A couple of days ago, I used gEdit in root to edit "named.conf" and
a couple of the zone files. The effort fixed a problem I was having,
and everything seemed to be working fine.
But when my fiend found out, he said I'd screwed up those file permissions
and filled the plain text with gibberish, ~by~ using gEdit. He said
I can only use an editor like PICO, which won't change file
permissions or imbed non-ascii code into the file.
So I tried PICO. IS he for real or is he just having fun with me? I haven't
used such a primitive editor in 30 years, since Fortran days. Will an editor
change file permissions? I haven't seen an editor that used <CTL>
command sequences since my CP/M 8 bit days...
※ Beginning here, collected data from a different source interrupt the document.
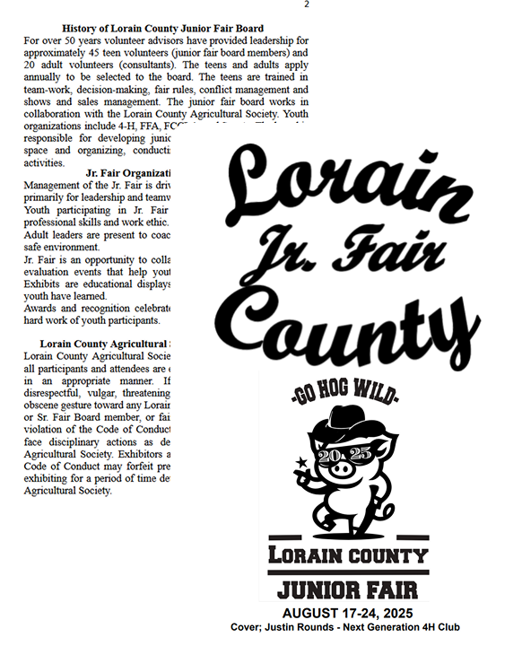 Download the Junior Fair Book for complete guidelines, schedules, and entry requirements for all Lorain County Junior Fair competitions and exhibits.
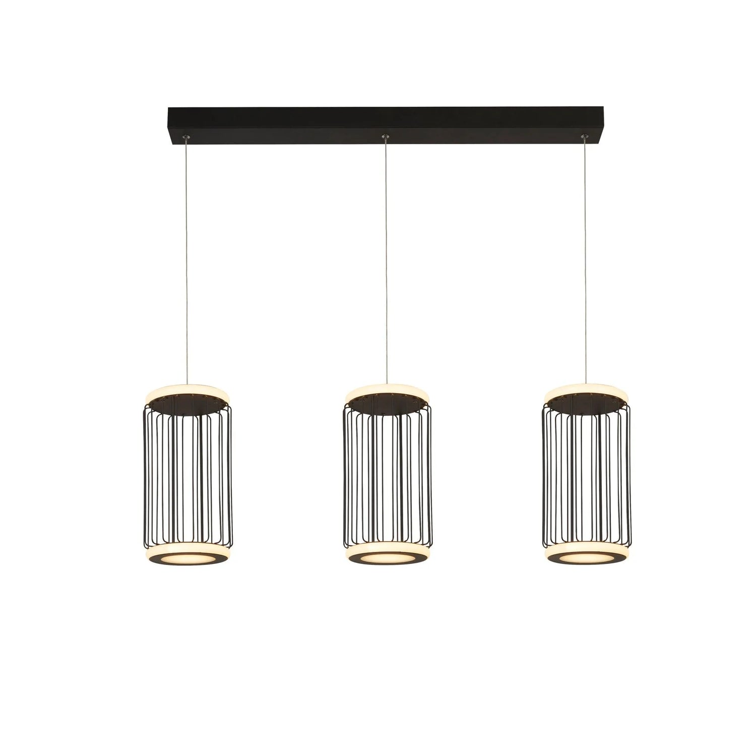 The Circolo 3Lt Cage Bar Pendant, crafted from a combination of black metal and white silicon, showcases 3 shades in a stylish cylinder shape that allows for both downward and upward lighting. Adjustable in height and with a unique design element, it creates a balanced and evenly distributed illumination, making it ideal for various applications. Whether you seek ambient lighting for your living room, or task lighting for your kitchen or dining room, the pendant offers the perfect lighting solution whilst looking incredibly stylish.
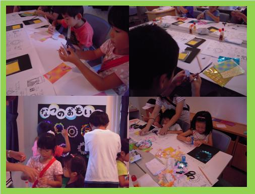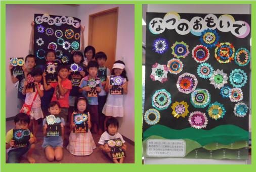 最後にはすてきな花火のカードと、大きな展示「なつのおもいで」を作りました。
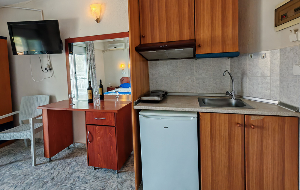 Svi studiji i apartmani imaju terasu, wc i tuš sa toplom i hladnom vodom, sto i stolice, orman, čajnu kuhinju sa frižiderom koja je opremljena prema broju osoba (tanjiri, čaše, šolje, escajg, šerpa, tiganj, džezva za kafu ). Promena posteljine je na pola smene, za smene duže od 8 noći. U većini objekata domaćini kuća na dan zamene posteljine dostavljaju čistu posteljinu koju gosti sami menjaju kao što i sami održavaju higijenu smeštajne jedinice tokom svog boravka. U pojedinim objektima, osoblje kuće ulazi u smeštajne jedinice i samostalno vrši zamenu posteljine. Pored standardne opreme, smeštajne jedinice mogu imati i određenu opremu koja ih izdvaja u odnosu na ostale smeštajne jedinice iz ponude. U cenovnicima se pored naziva određenih kuća nalaze brojevi.
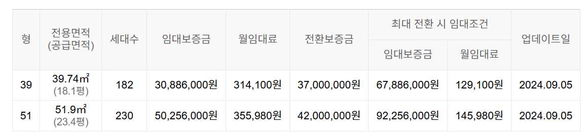 임대보증금 및 월 임대료는 입주자 모집공고일 기준이며, 보증금 최대 전환 시 변동될 수 있습니다.

Now I know word processors will imbed special formating characters
that will choke a simple ASCII parser, but gEdit seemed like a very
simple plain-text editor.
You can always check edit a file and look at the permissions before and after.
ls - l will show the file permissions
You do not want to use a Word processor but a text editor of any kind is fine.
Yes. Pico/nano, vi, emacs, joe, mcedit... all good for text mode. In the gui, gedit, leafpad, kwrite/kate, emacs gui, editra... all acceptable text editors for system files.
What you do NOT want to use are things like AbiWord, Office Writer, Pathetic Writer, and other editors that use word processing features (text styling).
While it's not impossible for any program to edit the permissions of a file you already have write access to/ownership of, I've never had a problem with any editor altering permissions on me, they've always saved with the same permissions the file was opened with.
Like GT said though, it's not something hard to check and fix.